Pull BVH calculation out of GPUGeometry class and make the world scale factor the same in all dimensions so that distance and area calculations are easy to do.

author: Stan Seibert <stan@mtrr.org> 2012-01-12 13:27:31 -0500
committer: tlatorre <tlatorre@uchicago.edu> 2021-05-09 08:42:38 -0700
commit: 3961d2b3aa0b0b0783ddd1138556c374a2731e9e (patch)
tree: 3002f685d75785dabe7ded6c80c2817ede82bce3 /chroma/cuda
parent: 7535581339b839ad17f79ee3e931a0e907cf5071 (diff)
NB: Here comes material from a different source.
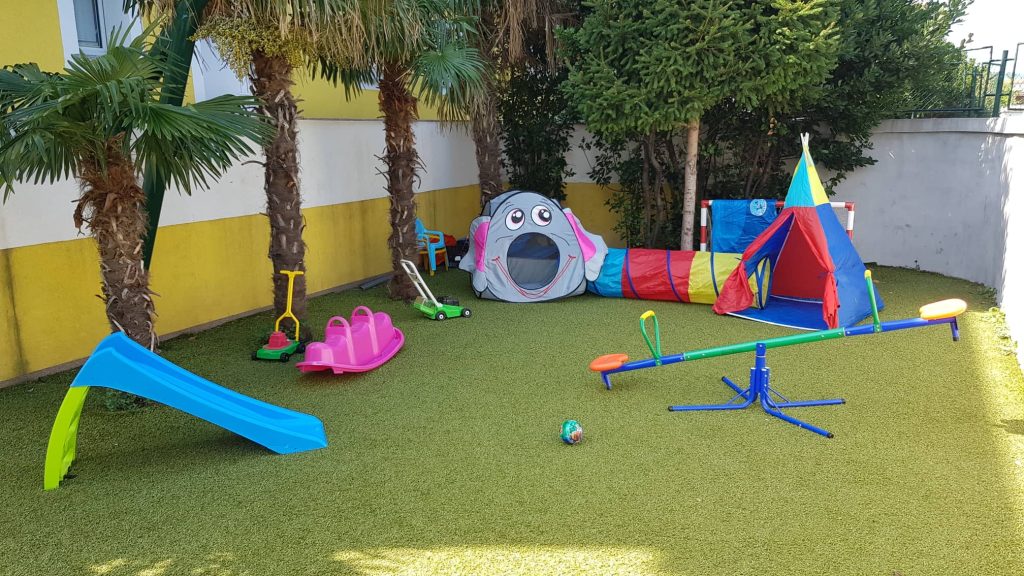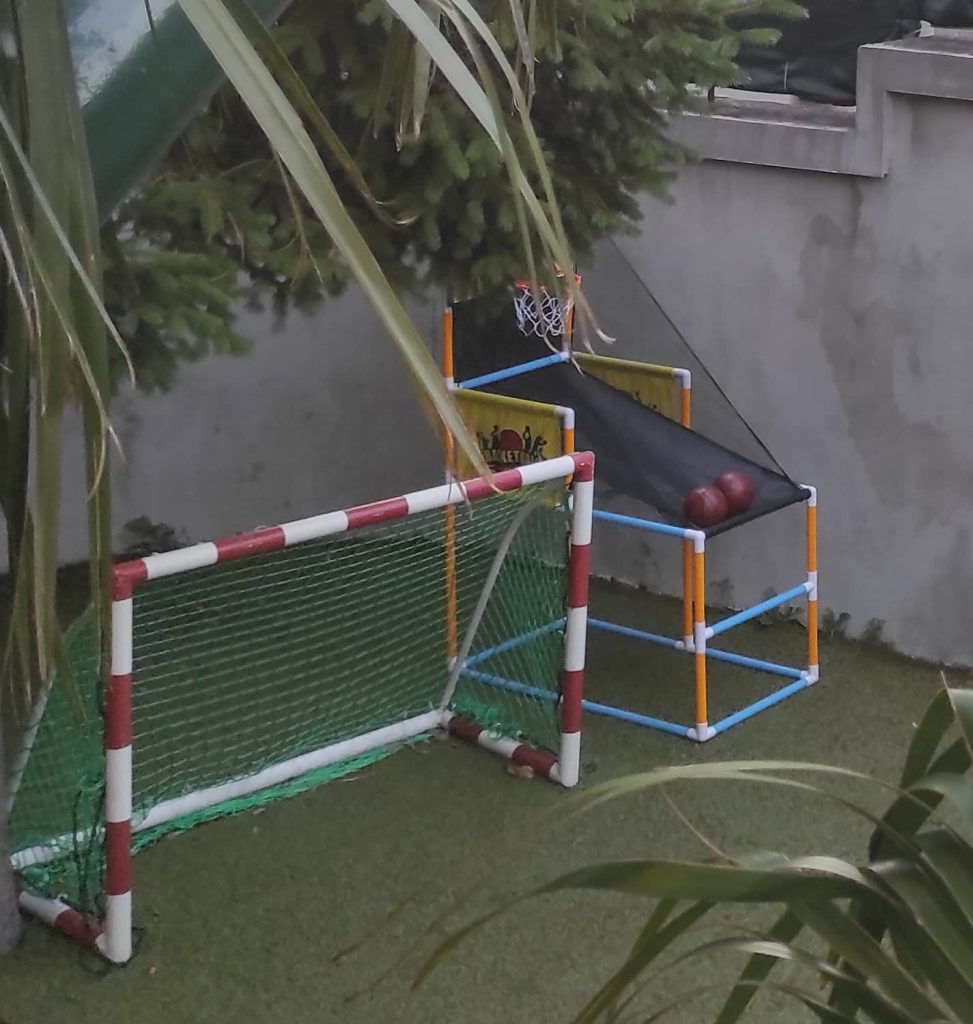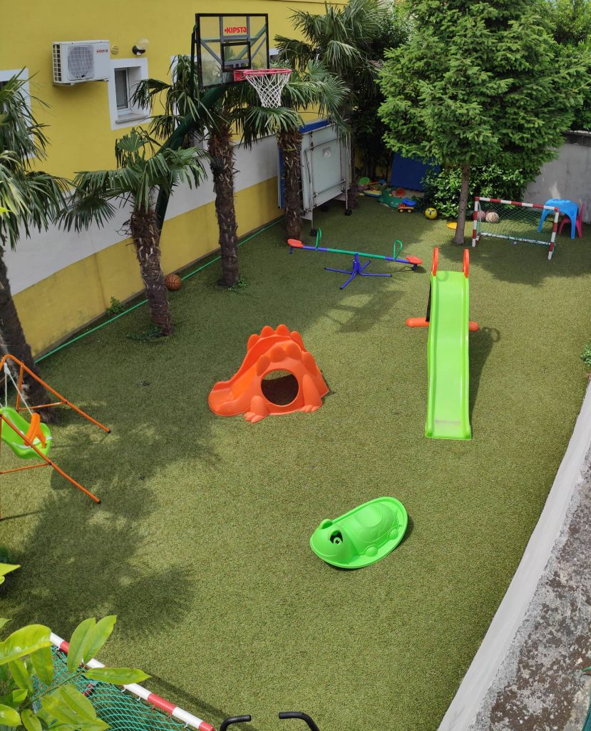 Stanovanju M3 pripada tudi zasebni del dvorišča z igriščem za nogomet, košarko, badminton, peskovnikom in gugalnico, na katerega se lahko dostopa direktno s sprednje terase stanovanja. Apartma sprejme 2-3 psa oziroma po dogovoru z lastnico.

download: chroma-3961d2b3aa0b0b0783ddd1138556c374a2731e9e.tar.gz
chroma-3961d2b3aa0b0b0783ddd1138556c374a2731e9e.tar.bz2
chroma-3961d2b3aa0b0b0783ddd1138556c374a2731e9e.zip
2 files changed, 210 insertions, 7 deletions
diff --git a/chroma/cuda/bvh.cu b/chroma/cuda/bvh.cu
index 8543649..50e877a 100644
--- a/chroma/cuda/bvh.cu
+++ b/chroma/cuda/bvh.cu
@@ -2,6 +2,7 @@
 #include <cuda.h>
 
 #include "linalg.h"
+#include "physical_constants.h"
 
 __device__ float3
 fminf(const float3 &a, const float3 &b)
@@ -47,17 +48,79 @@ __device__ unsigned long long spread3_16(unsigned int input)
   return x;
 }
 
+__device__ unsigned long long spread2_16(unsigned int input)
+{
+  unsigned long long x = input;
+  x = (x | (x << 16)) & 0x000000ff00ff00fful;
+  x = (x | (x <<  8)) & 0x00000f0f0f0f0f0ful;
+  x = (x | (x <<  4)) & 0x0000333333333333ul;
+  x = (x | (x <<  2)) & 0x0000555555555555ul;
+  return x;
+}
+
+
 __device__ unsigned int quantize(float v, float world_origin, float world_scale)
 {
   // truncate!
   return (unsigned int) ((v - world_origin) / world_scale);
 }
 
-__device__ uint3 quantize3(float3 v, float3 world_origin, float3 world_scale)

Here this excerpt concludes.